Abstract

Coronary heart disease (CHD) is relatively rare in black populations in Africa and is a much less significant cause of morbidity and mortality in black populations in the Caribbean than in U.S. blacks. The incidence of CHD appears to be increasing in segments of some black populations in underdeveloped countries, concurrently with certain patterns of socioeconomic change. Hypertension, hypercholesterolemia, and cigarette smoking are not as common in most of these black populations as in white populations in industrialized countries, although certain affluent groups in African and Caribbean countries have higher levels of some of these risk factors than do the rest of the population. Moreover, the impact on CHD of these risk factors, especially hypertension, appears to be less than is observed in industrialized countries. The absence of mass hyperlipidemia probably accounts for the lower prevalence and incidence of CHD. A policy of primordial prevention of CHD, by control of risk factors and preemptive action to prevent their establishment in the population, has been recommended to Third World governments by a World Health Organization Expert Committee.
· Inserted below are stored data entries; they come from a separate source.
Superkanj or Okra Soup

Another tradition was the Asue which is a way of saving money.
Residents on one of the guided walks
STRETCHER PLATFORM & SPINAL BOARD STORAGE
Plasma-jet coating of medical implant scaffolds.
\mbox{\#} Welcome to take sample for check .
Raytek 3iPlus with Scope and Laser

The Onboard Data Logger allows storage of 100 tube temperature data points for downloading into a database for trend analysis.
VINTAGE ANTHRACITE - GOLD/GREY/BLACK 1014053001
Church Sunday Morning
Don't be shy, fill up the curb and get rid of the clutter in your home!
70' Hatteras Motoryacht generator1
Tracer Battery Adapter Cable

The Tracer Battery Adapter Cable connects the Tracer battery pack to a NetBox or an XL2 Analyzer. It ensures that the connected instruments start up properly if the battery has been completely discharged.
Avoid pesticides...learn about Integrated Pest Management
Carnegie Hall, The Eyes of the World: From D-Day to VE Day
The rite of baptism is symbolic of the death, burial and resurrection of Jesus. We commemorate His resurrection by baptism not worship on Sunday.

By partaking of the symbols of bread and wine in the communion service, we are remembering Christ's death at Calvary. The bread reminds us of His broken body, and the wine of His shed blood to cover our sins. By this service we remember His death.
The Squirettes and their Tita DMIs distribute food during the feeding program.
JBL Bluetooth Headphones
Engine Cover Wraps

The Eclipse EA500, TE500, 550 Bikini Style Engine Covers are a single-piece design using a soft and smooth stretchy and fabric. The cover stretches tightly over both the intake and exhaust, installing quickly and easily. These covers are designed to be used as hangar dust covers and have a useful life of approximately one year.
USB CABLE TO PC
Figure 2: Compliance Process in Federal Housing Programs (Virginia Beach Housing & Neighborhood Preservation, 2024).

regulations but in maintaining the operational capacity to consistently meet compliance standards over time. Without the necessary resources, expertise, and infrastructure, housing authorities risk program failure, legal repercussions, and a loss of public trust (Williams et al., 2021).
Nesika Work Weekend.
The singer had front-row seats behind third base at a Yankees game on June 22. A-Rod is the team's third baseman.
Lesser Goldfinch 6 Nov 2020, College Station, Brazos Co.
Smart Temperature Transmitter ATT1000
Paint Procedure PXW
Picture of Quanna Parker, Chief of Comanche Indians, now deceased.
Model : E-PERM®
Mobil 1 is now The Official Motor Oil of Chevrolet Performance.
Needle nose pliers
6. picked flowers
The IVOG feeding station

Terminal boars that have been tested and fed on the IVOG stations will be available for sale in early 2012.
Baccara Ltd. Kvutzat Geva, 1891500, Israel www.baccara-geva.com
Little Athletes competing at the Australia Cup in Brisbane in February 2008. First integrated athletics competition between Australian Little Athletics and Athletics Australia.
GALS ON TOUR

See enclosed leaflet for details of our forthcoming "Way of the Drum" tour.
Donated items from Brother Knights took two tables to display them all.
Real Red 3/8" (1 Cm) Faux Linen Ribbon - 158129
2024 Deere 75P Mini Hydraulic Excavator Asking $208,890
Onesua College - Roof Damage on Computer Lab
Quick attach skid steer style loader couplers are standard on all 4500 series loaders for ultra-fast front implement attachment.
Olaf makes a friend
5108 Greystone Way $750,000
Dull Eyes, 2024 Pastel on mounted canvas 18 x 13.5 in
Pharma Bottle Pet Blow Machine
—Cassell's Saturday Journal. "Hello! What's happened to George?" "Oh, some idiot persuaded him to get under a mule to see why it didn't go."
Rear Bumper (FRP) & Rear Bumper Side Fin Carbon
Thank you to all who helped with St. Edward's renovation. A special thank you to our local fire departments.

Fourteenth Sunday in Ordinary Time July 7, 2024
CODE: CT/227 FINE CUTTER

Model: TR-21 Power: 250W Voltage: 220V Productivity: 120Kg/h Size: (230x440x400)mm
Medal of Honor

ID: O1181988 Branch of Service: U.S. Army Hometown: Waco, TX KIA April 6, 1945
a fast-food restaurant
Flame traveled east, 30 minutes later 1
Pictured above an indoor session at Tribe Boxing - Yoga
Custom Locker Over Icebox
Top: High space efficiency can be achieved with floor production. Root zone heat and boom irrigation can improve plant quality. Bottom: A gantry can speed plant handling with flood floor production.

The need for such a policy, and its applicability in black populations in Africa and the Caribbean, are limited by their socioeconomic situations. Thus for practical purposes, the deteriorating economic situation in the low-income countries (the majority) of sub-Saharan Africa and the Caribbean restricts the possibilities of adverse risk factor changes. In particular, the widespread assumption of the food consumption patterns typical of industrialized countries and the development of mass hyperlipidemia are effectively prevented. In contrast, attempts to foster or maintain desirable food consumption patterns are warranted in middle-income African and Caribbean countries, especially among newly affluent minorities. In all of these territories, primary prevention of hypertension, especially in urban populations, is the ideal approach to the primordial prevention of cardiovascular diseases, of which CHD is a small component.